WHAT IS REQUIRED - Give back an exact copy of the listing that follows, without the pictures.

RAW DATA -

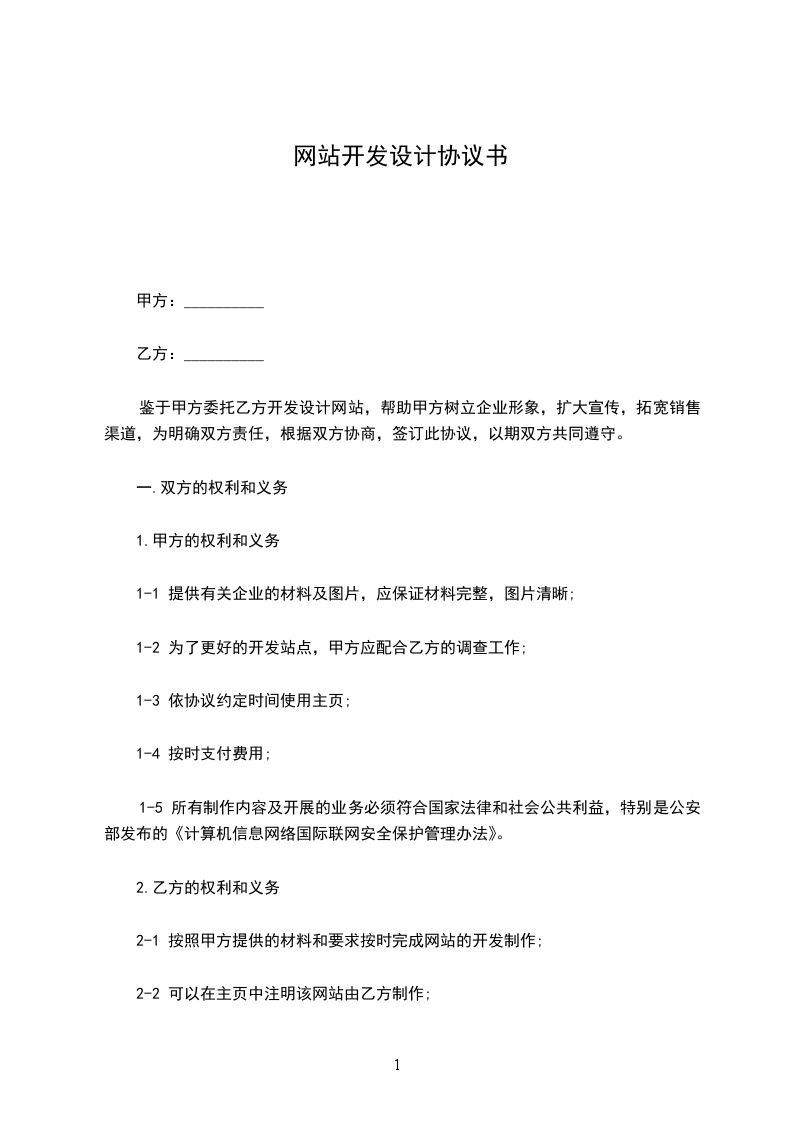 鉴于甲方委托乙方开发设计网站,帮助甲方树立企业形象,扩大宣传,拓宽销售渠道,为明确双方责任,根据双方协商,签订此协议,以期双方共同遵守。
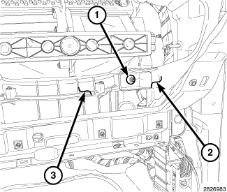 5. Remove the nut (1) that secures the passenger side end of the HVAC housing (3) to the instrument panel support (2).
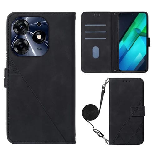 Funda de Cuero para Tecno Spark 10 Pro Ki7 Crossbody 3D con Tapa En Relieve (Negro)

ANSWER BELOW -
 鉴于甲方委托乙方开发设计网站,帮助甲方树立企业形象,扩大宣传,拓宽销售渠道,为明确双方责任,根据双方协商,签订此协议,以期双方共同遵守。
 5. Remove the nut (1) that secures the passenger side end of the HVAC housing (3) to the instrument panel support (2).
 Funda de Cuero para Tecno Spark 10 Pro Ki7 Crossbody 3D con Tapa En Relieve (Negro)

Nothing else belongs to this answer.